Михаил Соколов: Скажите, а за последние годы, кажется, таких убийств не было? Я не помню, например, чтобы кого-то забили ногами и довольно много тяжело раненных.
Федор Погорелов: Мы обсудим с вами проход по Варшаве четыре года назад, предыдущий чемпионат Европы, когда польские хулиганы нападали на мирных российских болельщиков? Я использую абсолютно ваши категории, от которых у меня волосы встают дыбом. Перед матчем Россия – Польша в Варшаве происходил запредельный рамс, по сравнению с которым Марсель не меркнет, но находится примерно в одной и той же весовой категории. То несчастное стечение обстоятельств, которое привело к гибели английского болельщика. Мне кажется, журналистским преступлением было бы использовать это как аргумент в такого рода дискуссии.

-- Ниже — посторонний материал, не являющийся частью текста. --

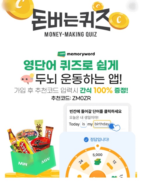 영어 단어를 퀴즈로 쉽게 외우고 두뇌 운동도 할 수 있는 앱 메모리워드를 소개합니다. 앱 가입 후에 추천코드(ZMOZR)를 입력하시면 간식을 100% 증정받을 수 있다고 합니다.
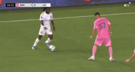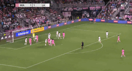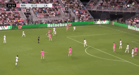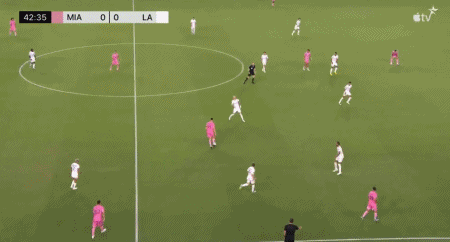 第43分钟,布斯克茨直塞,阿尔巴插上推射近角破门,迈阿密国际1-0
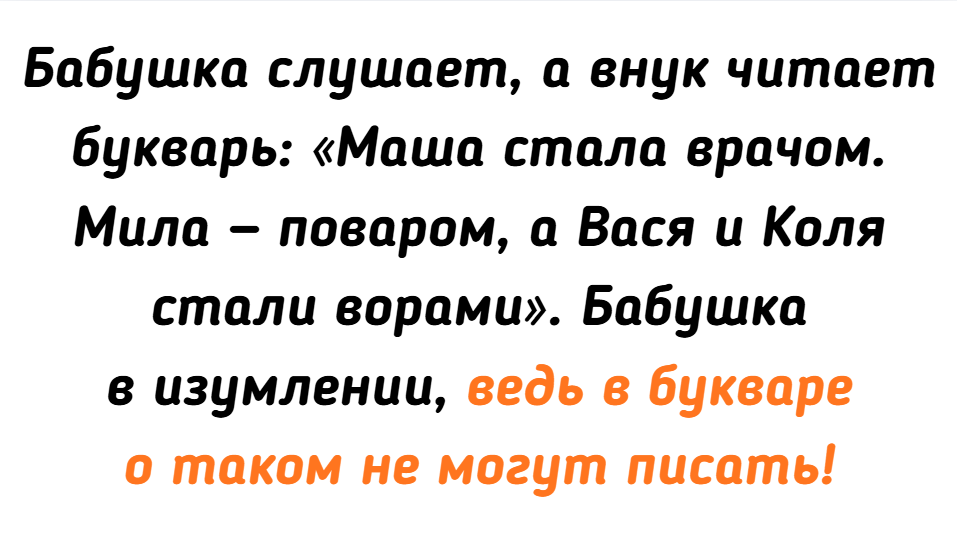 - Бабушка слушает, а внук читает букварь: «Маша стала врачом. Мила — поваром, а Вася и Коля стали ворами». Бабушка в изумлении, ведь в букваре о таком не могут писать! Читает сама: «Маша стала врачом, Мила поваром, а Вася и Коля — сталеварами». © Иван / Dzen
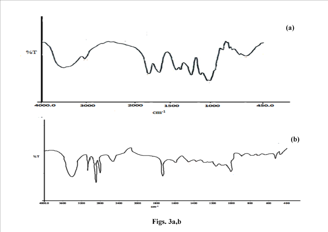 Fig. 3(a, b): FT-IR spectrum of (a) gt and (b) gt-cl-poly(aa-ipn-aam+mma)
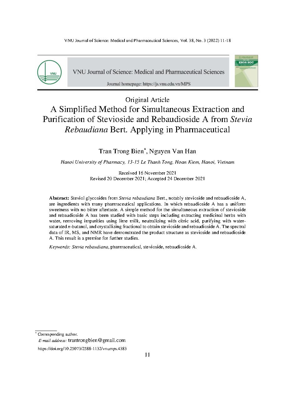 Nghiên cứu phương pháp chiết xuất và tinh chế đồng thời Steviosid và Rebaudiosid A ứng dụng trong dược phẩm từ Cỏ ngọt (Stevia rebaudiana Bert.)

Михаил Соколов: Это почему? Погиб человек, явно, что его били сильно.
Федор Погорелов: Человек поехал драться, он погиб на войне. То есть, условно говоря, побойтесь бога, мы обсуждаем столкновение двух армий, одна из которых оказалась удачней.
Михаил Соколов: Я вижу, что вы на стороне одной из армий. Я бы хотел, чтобы никто не воевал.

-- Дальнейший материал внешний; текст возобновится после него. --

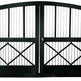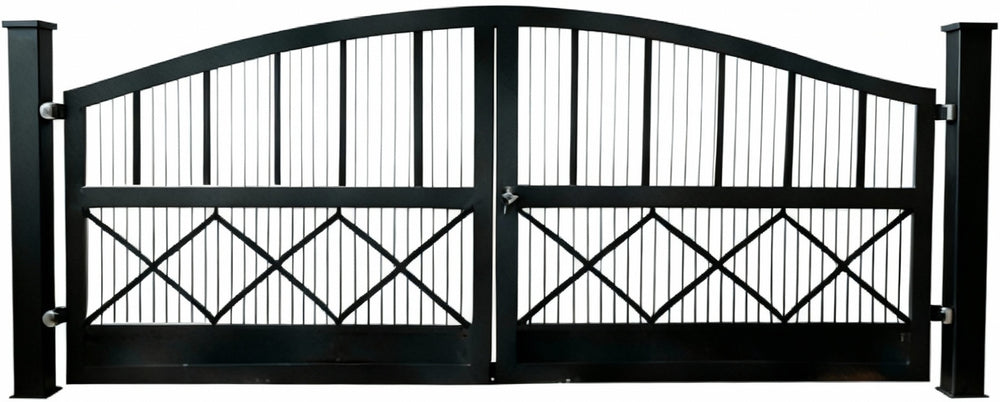 A gate that balances form and function. Crossbar Arcadia features dual swing panels with vertical bars in the upper section and decorative crisscross latticework below. The gentle arch adds architectural lift, while the central latch and symmetrical layout ensure secure closure and visual harmony. Supported by sturdy posts, this gate evokes strength, simplicity, and timeless design.
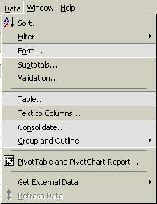 Klavisai darbui su sąrasu rengimo kortelėmis (data form)
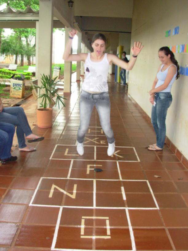 4. PULANDO AMARELINHA QUÍMICA: para brincar na amarelinha química fizemos dois saquinhos de mapa com enchimento de areia. Cada jogador inicia – na nossa amarelinha – pelo hidrogênio (1). Joga o saquinho de areia na casa inicial, fala o nome do elemento químico e cita uma característica do elemento (tipo estado físico, posição na tabela periódica, número atômico, distribuição eletrônica, etc.). Cada grupo de jogadores pode estipular suas regras próprias, dependendo do nível de conhecimento de cada um. Como brincar de amarelinha não tem idade podemos fazer esta brincadeira com crianças inserindo, assim elas no contexto da linguagem química. No caso das crianças, os adultos podem ajudá-las dizendo o nome dos elementos.

Федор Погорелов: Я не на стороне ни одной из армий, я считаю, что бить людей плохо. Я не дрался ни разу в жизни, я не отожмусь ни разу. Я считаю, что насилие как аргумент не является нормой в цивилизованном обществе. Но если мы вступаем в обсуждение чего бы то ни было с журналистской позиции, которая в это время должна совпадать с социологической, с антропологической, мы понимаем, что оценочный подход – это в некотором роде тупиковая история.

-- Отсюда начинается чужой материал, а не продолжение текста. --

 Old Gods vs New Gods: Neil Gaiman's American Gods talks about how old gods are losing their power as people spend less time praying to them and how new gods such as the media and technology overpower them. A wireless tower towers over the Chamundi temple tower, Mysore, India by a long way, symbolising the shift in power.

Если мы хотим понять, что там произошло, – это одна история, если мы хотим осудить то, что там произошло, то я говорю вам большое спасибо.
Михаил Соколов: А вы объясните, что там произошло, это будет интересно.
Федор Погорелов: По тому, как вы это сейчас сформулировали, я почувствовал себя в некотором роде идиотом, который должен людям, находящимся на чуть более высоком уровне развития, попытаться разжевать какие-то вещи.
Михаил Соколов: Я просто думаю, что не болельщиков и не знатоков фанатского движения гораздо больше, чем болельщиков и знатоков, поэтому я не вижу в этом никакой проблемы, если что-то можно людям объяснить, то пожалуйста.
Федор Погорелов: Мы ни в коем случае не должны путать болельщиков, любителей футбола и хулиганов. Вы же понимаете прекрасно, что панки и хиппи – это субкультура. Футбольные хулиганы – это такая же субкультура, которая располагает определенным набором ценностей, правил, норм и так далее. И как Клод Леви-Стросс, который приехал в свое время к аборигенам на острова Тихого океана, сформулировал: нам важно описать субкультуру, а не посчитать – господи, какие смешные ребята, они на стеклянные бусы обменивают драгоценные шкуры.
Конкретно в марсельском порту происходила история, когда люди с одной стороны считающие, что драться до футбола и после футбола правильно, встретились с людьми, которые считают точно так же, что драться до футбола, во время и после правильно. И подрались друг с другом. Мы можем посчитать, что кто-то из них прав, а кто-то виноват?
Михаил Соколов: Вы знаете, какие-то российские политики действительно посчитали, что кто-то из них прав и надо их защищать. Я уже, по-моему, их перечислил – это достаточно влиятельные люди.
Федор Погорелов: Кто эти российские политики?
Михаил Соколов: Замечательный, например, деятель фракции Жириновского, его сын Игорь Лебедев.
Федор Погорелов: Но мы же не будем считать, что Лебедев действительно деятель российской политики. Игорь Лебедев в системе и в теории игр болван, человек, от мнения которого не зависит ничего.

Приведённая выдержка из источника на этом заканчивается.